• [AIM OF THE TASK]:
When you transcribe the data below, reproduce every line exactly and leave each picture out.

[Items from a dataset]

"""

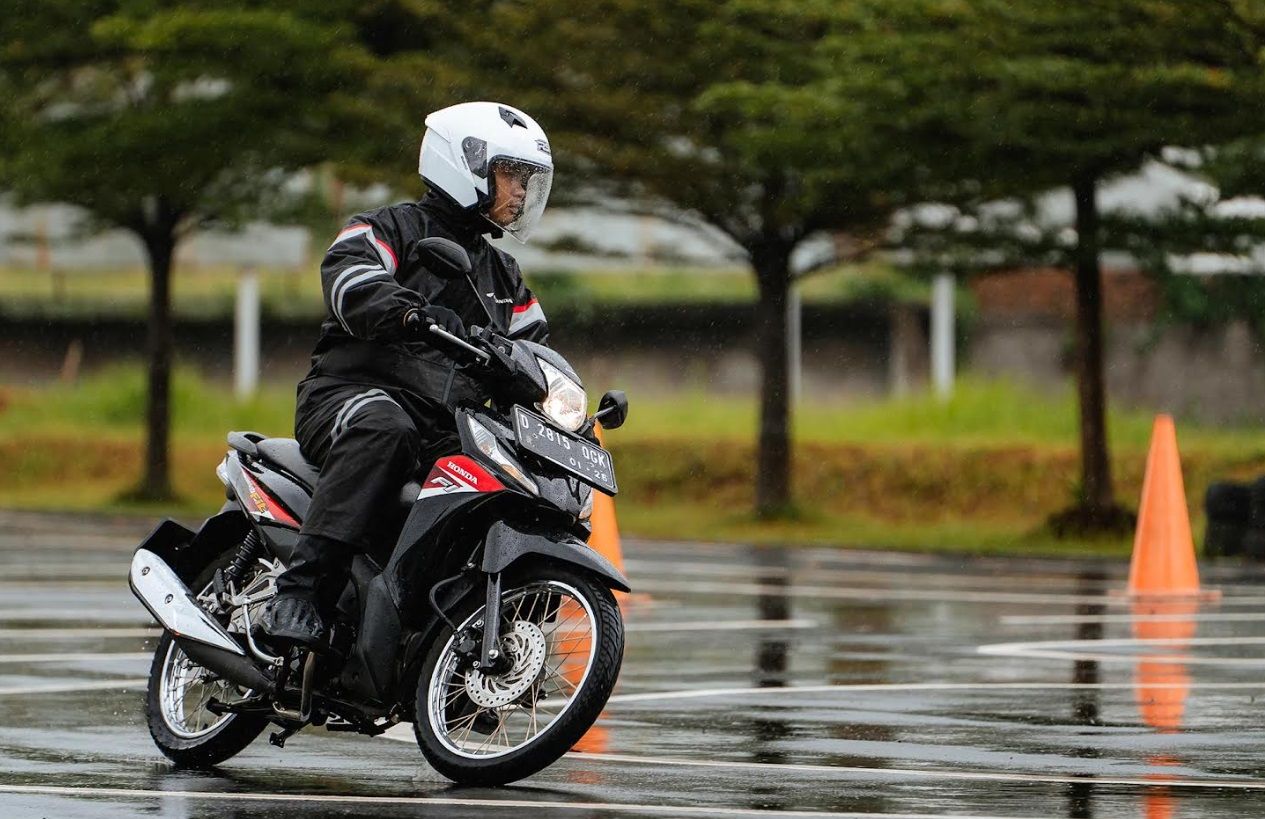 Jalanan basah cenderung licin, maka dari itu pastikan alur ban (tread) masih tebal agar mampu membuang air dengan baik. Juga, jaga tekanan angin sesuai standar pada buku manual Honda agar traksi ban terhadap aspal tetap maksimal.
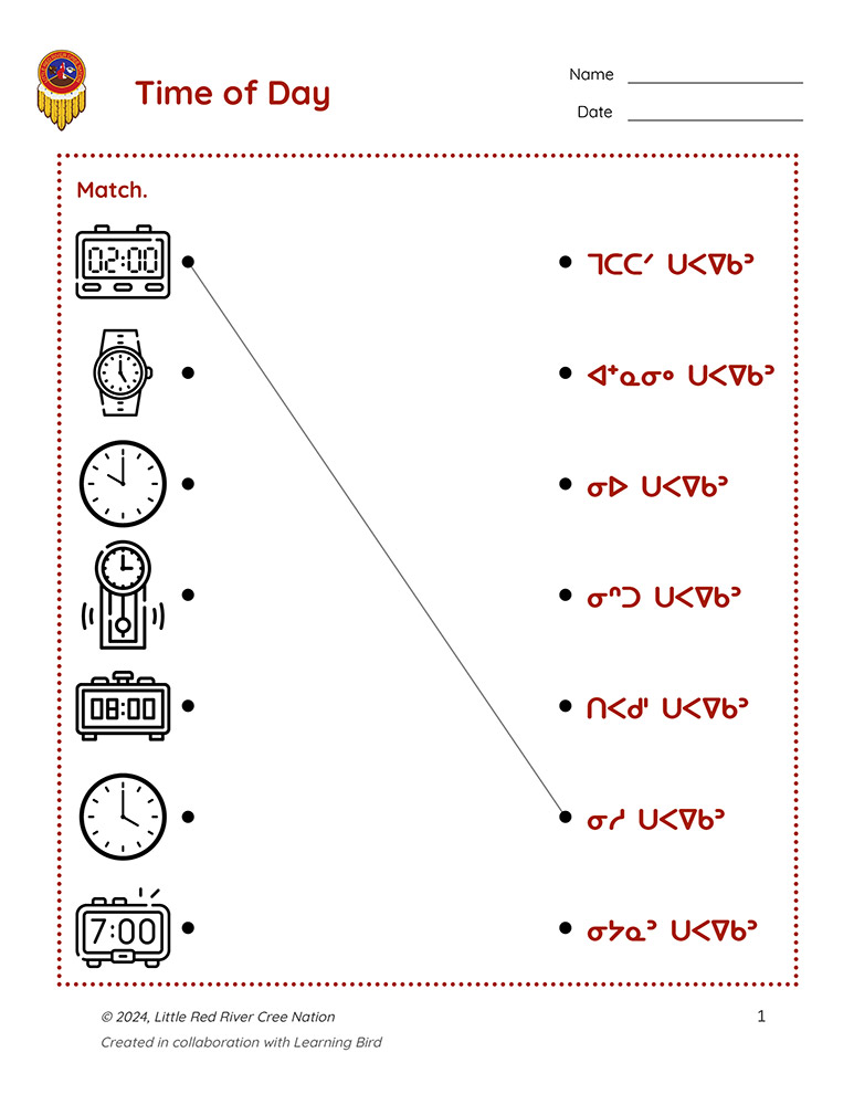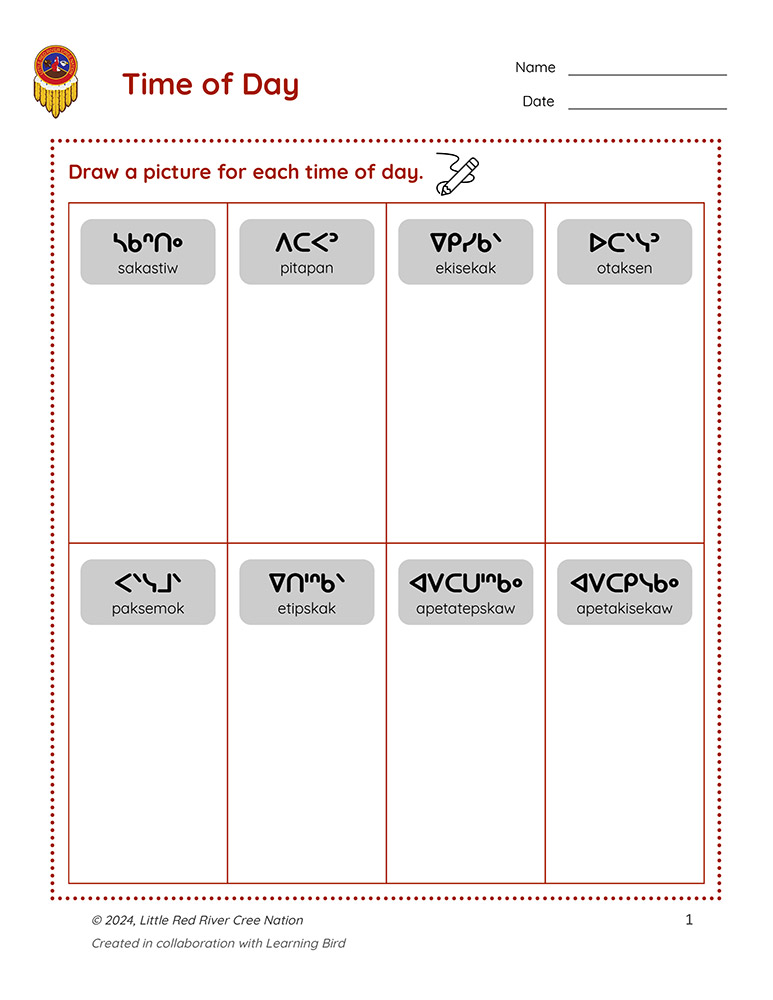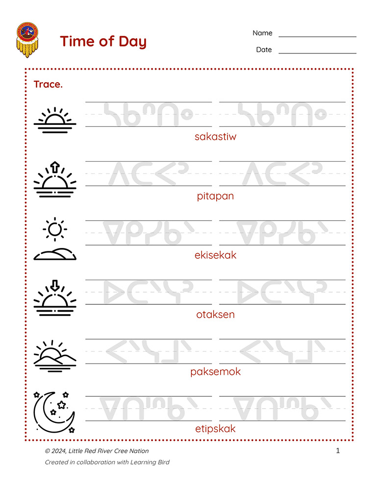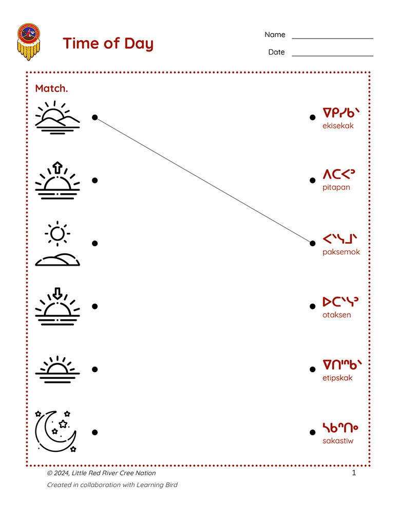 In this worksheet, Grade 2 learners practice Woodland Cree time of day vocabulary.
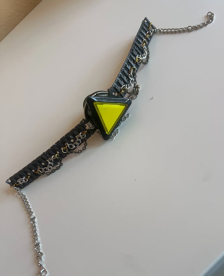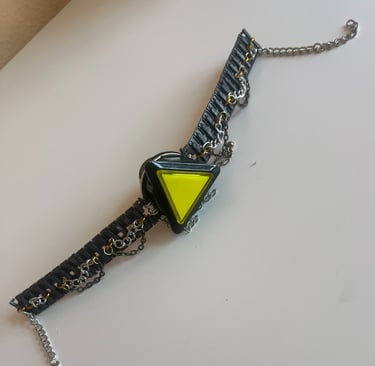 Tire track choker necklace pierced with mixed-metal dangling chains. Removable triangular yellow button fastened in between a center key ring.
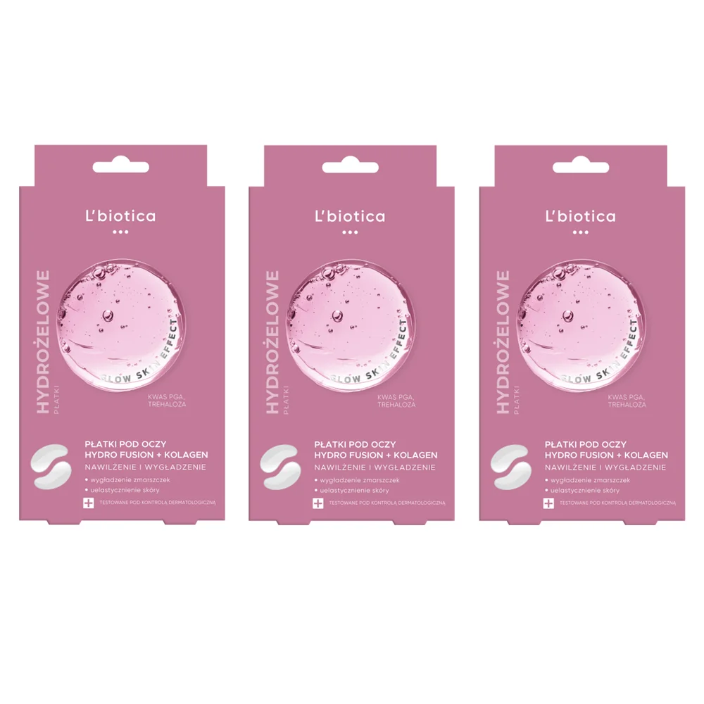 L'biotica Hydrożelowe Płatki pod oczy z kolagenem z aktywną hydroformułą zawierającą kwas poliglutaminowy SynerPGAHydroPower+®, kolagen, kompleks cukrowy oraz Microbiom Dermoprotect cplx natychmiastowo wygładzają skórę i redukują widoczność zmarszczek. Formuła Hydro Fusion:SynerPGAHydroPower+® – kwas poliglutaminowy, będący unikalnym polipeptydem o cenionych przez dermatologów właściwościach pielęgnacyjnych. Nawilża i wygładza - zatrzymuje w skórze do 5000 razy więcej wody niż sam waży, dając natychmiastowy, widoczny efekt hydrowypełnienia: długotrwałe nawilżenie, ujędrnienie i wygładzenie. Zwiększa ilość NMF (naturalnego czynnika nawilżającego) w skórze, odpowiedzialnego, za utrzymanie optymalnego wewnętrznego nawilżenia oraz ochronę przed transepidermalną utratą wody.Hamuje produkcję melaniny, zapewniając rozjaśnienie i wyrównanie kolorytu. Utrzymuje prawidłowe pH skóry.Właściwości produktu
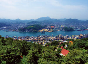Innoshima is now part of Onomichi, a beautiful town on the mainland of Honshu, known as the gateway to Seto Inland Sea. The area has a Mediterranean feel. Lemons and flowers are grown there. Onomichi is also famous as a cinema center. Many Japanese movies—notably, Ozu’s “Tokyo Story” (1953)— have been partly filmed there. On weekends, the hotels are packed with bicyclists who go island-hopping by bridge or ferry across the Sea, 60 km (37 miles) to Imabari, Shikoku, on its southern shore.
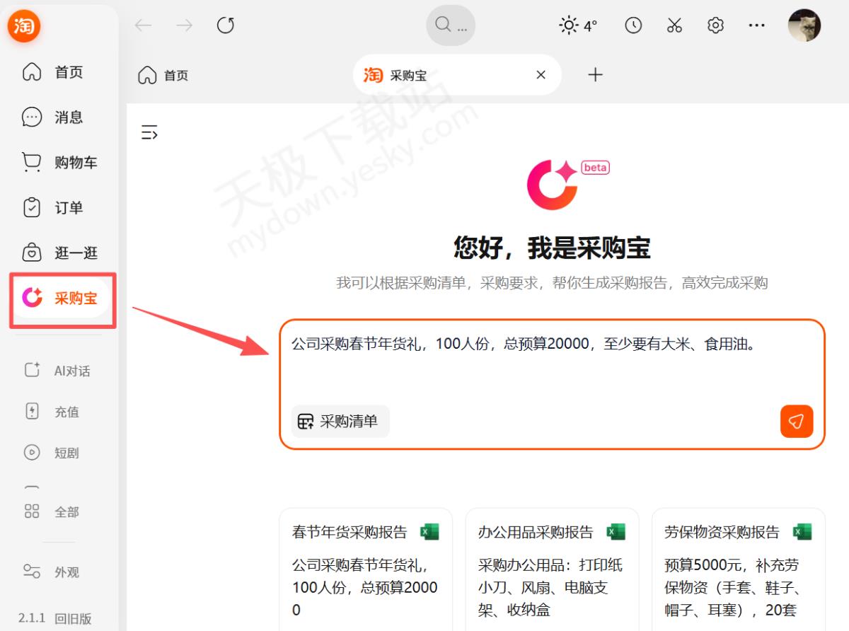 1.打开最新版本的淘宝客户端,点击桌面左侧的【采购宝】,在对话框中输入需要采购的物资、预算、人数、采购场景等信息,点击发送。
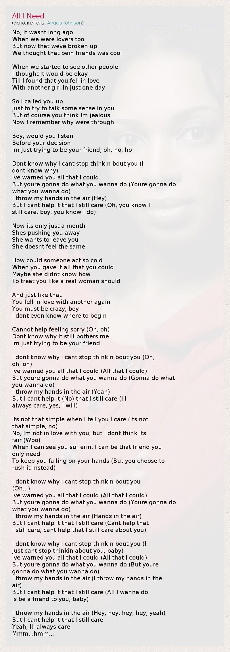 No, it wasnt long ago When we were lovers too But now that weve broken up We thought that bein friends was cool When we started to see other people I thought it would be okay Till I found that you fell in love With another girl in just one day So I called you up Just to try to talk some sense in you But of course you think Im jealous Now I remember why were through Boy, would you listen Before your decision Im just trying to be your friend, oh, ho, ho Dont know why I cant stop thinkin bout you (I dont know why) Ive warned you all that I could But youre gonna do what you wanna do (Youre gonna do what you wanna do) I throw my hands in the air (Hey) But I cant help it that I still care (Oh, you know I still care, boy, you know I do) Now its only just a month Shes pushing you away She wants to leave you She doesnt feel the same How could someone act so cold When you gave it all that you could Maybe she didnt know how To treat you like a real woman should And just like that You fell in love with another again You must be crazy, boy I dont even know where to begin Cannot help feeling sorry (Oh, oh) Dont know why it still bothers me Im just trying to be your friend I dont know why I cant stop thinkin bout you (Oh, oh, oh) Ive warned you all that I could (All that I could) But youre gonna do what you wanna do (Gonna do what you wanna do) I throw my hands in the air (Yeah) But I cant help it (No) that I still care (Ill always care, yes, I will) Its not that simple when I tell you I care (Its not that simple, no) No, Im not in love with you, but I dont think its fair (Woo) When I can see you sufferin, I can be that friend you only need To keep you falling on your hands (But you choose to rush it instead) I dont know why I cant stop thinkin bout you (Oh...) Ive warned you all that I could (All that I could) But youre gonna do what you wanna do (Youre gonna do what you wanna do) I throw my hands in the air (Hands in the air) But I cant help it that I still care (Cant help that I still care, cant help that I still care about you) I dont know why I cant stop thinkin bout you (I just cant stop thinkin about you, baby) Ive warned you all that I could (All that I could) But youre gonna do what you wanna do (But youre gonna do what you wanna do) I throw my hands in the air (I throw my hands in the air) But I cant help it that I still care (All I wanna do is be a friend to you, baby) I throw my hands in the air (Hey, hey, hey, hey, yeah) But I cant help it that I still care Yeah, Ill always care Mmm...hmm...
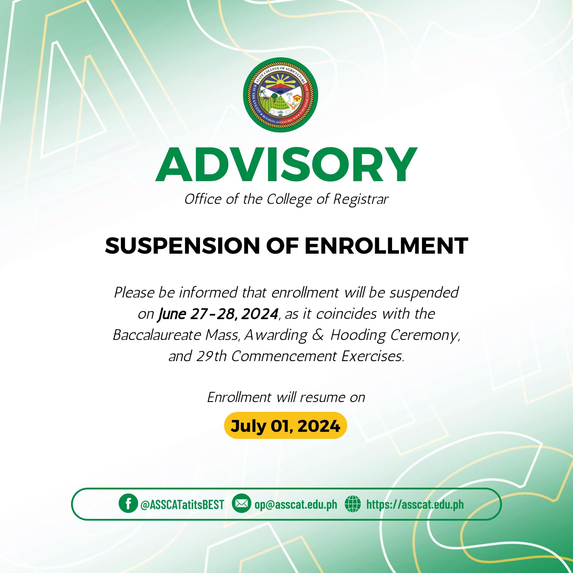 ADVISORY | SUSPENSION OF ENROLLMENT
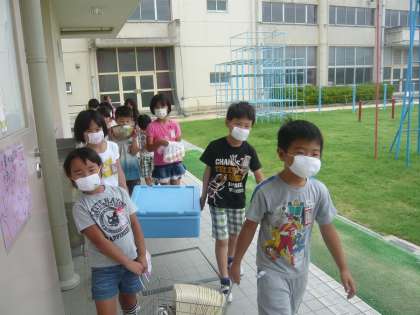 給食当番の子どもたちは、そろって給食室へ向かいます。
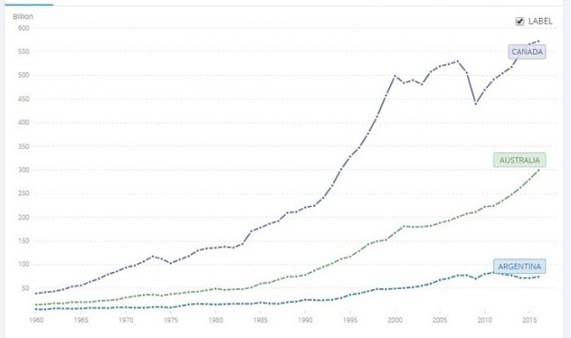Si comparamos las exportaciones argentinas con las de otros países como Australia y Canadá, veremos que ellos crecieron en dólares constantes gracias a su incorporación al mundo y nosotros nos quedamos estancados en dólares constantes.
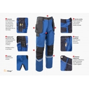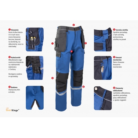 Kieszenie: dwie kieszenie w tylnej części spodni, dwie kieszenie boczne, wzmocnione kieszenie zapinane na rzepy, kieszeń na komórkę, dwie kieszonki na długopisy, kieszeń na dokumenty, kieszeń na miarkę „metrówkę”, ergonomiczna kieszeń na nakolanniki wykonana z CORDURY;
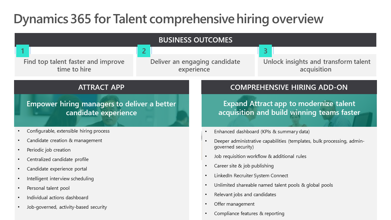 Dynamics 365 for Talent takes a modern approach to talent acquisition. We have digitally transformed the hiring experience to connect everyone on the hiring team – so you improve your quality of hire, while shortening the time to get them onboarded and impactful. Talent empowers recruiters to collaborate more effectively with hiring managers and offers the tools needed to treat candidates like VIPs.
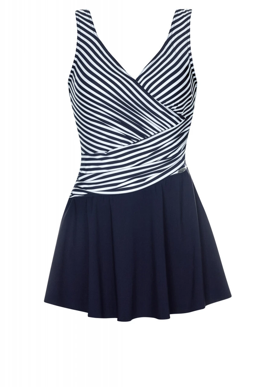 Ein Klassiker im maritimen Look: Nachtblauer Hintergrund mit weißen Querstreifen. Immer aktuell, immer schön! Badekleid mit Softschalen, schön drapiertem Oberteil und tiefem Rückenausschnitt. Ein zauberhafter Einteiler für alle, die es etwas dezenter mögen. Das angesetzte Röckchen in der Farbe Nachtblau kaschiert und verleiht Sicherheit.
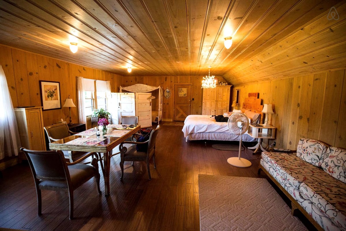 The cottage is a cozy suite for two for a romantic getaway or a quiet night in the country. The property has a large lawn area with picnic tables and firepit for watching the stars and cooking s'mores. Our Cottage is the perfect size for two. It features a king size bed and two swivel chairs for relaxing as well a table for eating or working. The kitchenette has a microwave, sink, and mini-refrigerator, as well as a Keurig Coffee maker, toaster and dishes for two. There is also a bbq supplied.

"""

• [FINAL ANSWER]:
 Jalanan basah cenderung licin, maka dari itu pastikan alur ban (tread) masih tebal agar mampu membuang air dengan baik. Juga, jaga tekanan angin sesuai standar pada buku manual Honda agar traksi ban terhadap aspal tetap maksimal.
 In this worksheet, Grade 2 learners practice Woodland Cree time of day vocabulary.
 Tire track choker necklace pierced with mixed-metal dangling chains. Removable triangular yellow button fastened in between a center key ring.
 L'biotica Hydrożelowe Płatki pod oczy z kolagenem z aktywną hydroformułą zawierającą kwas poliglutaminowy SynerPGAHydroPower+®, kolagen, kompleks cukrowy oraz Microbiom Dermoprotect cplx natychmiastowo wygładzają skórę i redukują widoczność zmarszczek. Formuła Hydro Fusion:SynerPGAHydroPower+® – kwas poliglutaminowy, będący unikalnym polipeptydem o cenionych przez dermatologów właściwościach pielęgnacyjnych. Nawilża i wygładza - zatrzymuje w skórze do 5000 razy więcej wody niż sam waży, dając natychmiastowy, widoczny efekt hydrowypełnienia: długotrwałe nawilżenie, ujędrnienie i wygładzenie. Zwiększa ilość NMF (naturalnego czynnika nawilżającego) w skórze, odpowiedzialnego, za utrzymanie optymalnego wewnętrznego nawilżenia oraz ochronę przed transepidermalną utratą wody.Hamuje produkcję melaniny, zapewniając rozjaśnienie i wyrównanie kolorytu. Utrzymuje prawidłowe pH skóry.Właściwości produktu
Innoshima is now part of Onomichi, a beautiful town on the mainland of Honshu, known as the gateway to Seto Inland Sea. The area has a Mediterranean feel. Lemons and flowers are grown there. Onomichi is also famous as a cinema center. Many Japanese movies—notably, Ozu’s “Tokyo Story” (1953)— have been partly filmed there. On weekends, the hotels are packed with bicyclists who go island-hopping by bridge or ferry across the Sea, 60 km (37 miles) to Imabari, Shikoku, on its southern shore.
 1.打开最新版本的淘宝客户端,点击桌面左侧的【采购宝】,在对话框中输入需要采购的物资、预算、人数、采购场景等信息,点击发送。
 No, it wasnt long ago When we were lovers too But now that weve broken up We thought that bein friends was cool When we started to see other people I thought it would be okay Till I found that you fell in love With another girl in just one day So I called you up Just to try to talk some sense in you But of course you think Im jealous Now I remember why were through Boy, would you listen Before your decision Im just trying to be your friend, oh, ho, ho Dont know why I cant stop thinkin bout you (I dont know why) Ive warned you all that I could But youre gonna do what you wanna do (Youre gonna do what you wanna do) I throw my hands in the air (Hey) But I cant help it that I still care (Oh, you know I still care, boy, you know I do) Now its only just a month Shes pushing you away She wants to leave you She doesnt feel the same How could someone act so cold When you gave it all that you could Maybe she didnt know how To treat you like a real woman should And just like that You fell in love with another again You must be crazy, boy I dont even know where to begin Cannot help feeling sorry (Oh, oh) Dont know why it still bothers me Im just trying to be your friend I dont know why I cant stop thinkin bout you (Oh, oh, oh) Ive warned you all that I could (All that I could) But youre gonna do what you wanna do (Gonna do what you wanna do) I throw my hands in the air (Yeah) But I cant help it (No) that I still care (Ill always care, yes, I will) Its not that simple when I tell you I care (Its not that simple, no) No, Im not in love with you, but I dont think its fair (Woo) When I can see you sufferin, I can be that friend you only need To keep you falling on your hands (But you choose to rush it instead) I dont know why I cant stop thinkin bout you (Oh...) Ive warned you all that I could (All that I could) But youre gonna do what you wanna do (Youre gonna do what you wanna do) I throw my hands in the air (Hands in the air) But I cant help it that I still care (Cant help that I still care, cant help that I still care about you) I dont know why I cant stop thinkin bout you (I just cant stop thinkin about you, baby) Ive warned you all that I could (All that I could) But youre gonna do what you wanna do (But youre gonna do what you wanna do) I throw my hands in the air (I throw my hands in the air) But I cant help it that I still care (All I wanna do is be a friend to you, baby) I throw my hands in the air (Hey, hey, hey, hey, yeah) But I cant help it that I still care Yeah, Ill always care Mmm...hmm...
 ADVISORY | SUSPENSION OF ENROLLMENT
 給食当番の子どもたちは、そろって給食室へ向かいます。
Si comparamos las exportaciones argentinas con las de otros países como Australia y Canadá, veremos que ellos crecieron en dólares constantes gracias a su incorporación al mundo y nosotros nos quedamos estancados en dólares constantes.
 Kieszenie: dwie kieszenie w tylnej części spodni, dwie kieszenie boczne, wzmocnione kieszenie zapinane na rzepy, kieszeń na komórkę, dwie kieszonki na długopisy, kieszeń na dokumenty, kieszeń na miarkę „metrówkę”, ergonomiczna kieszeń na nakolanniki wykonana z CORDURY;
 Dynamics 365 for Talent takes a modern approach to talent acquisition. We have digitally transformed the hiring experience to connect everyone on the hiring team – so you improve your quality of hire, while shortening the time to get them onboarded and impactful. Talent empowers recruiters to collaborate more effectively with hiring managers and offers the tools needed to treat candidates like VIPs.
 Ein Klassiker im maritimen Look: Nachtblauer Hintergrund mit weißen Querstreifen. Immer aktuell, immer schön! Badekleid mit Softschalen, schön drapiertem Oberteil und tiefem Rückenausschnitt. Ein zauberhafter Einteiler für alle, die es etwas dezenter mögen. Das angesetzte Röckchen in der Farbe Nachtblau kaschiert und verleiht Sicherheit.
 The cottage is a cozy suite for two for a romantic getaway or a quiet night in the country. The property has a large lawn area with picnic tables and firepit for watching the stars and cooking s'mores. Our Cottage is the perfect size for two. It features a king size bed and two swivel chairs for relaxing as well a table for eating or working. The kitchenette has a microwave, sink, and mini-refrigerator, as well as a Keurig Coffee maker, toaster and dishes for two. There is also a bbq supplied.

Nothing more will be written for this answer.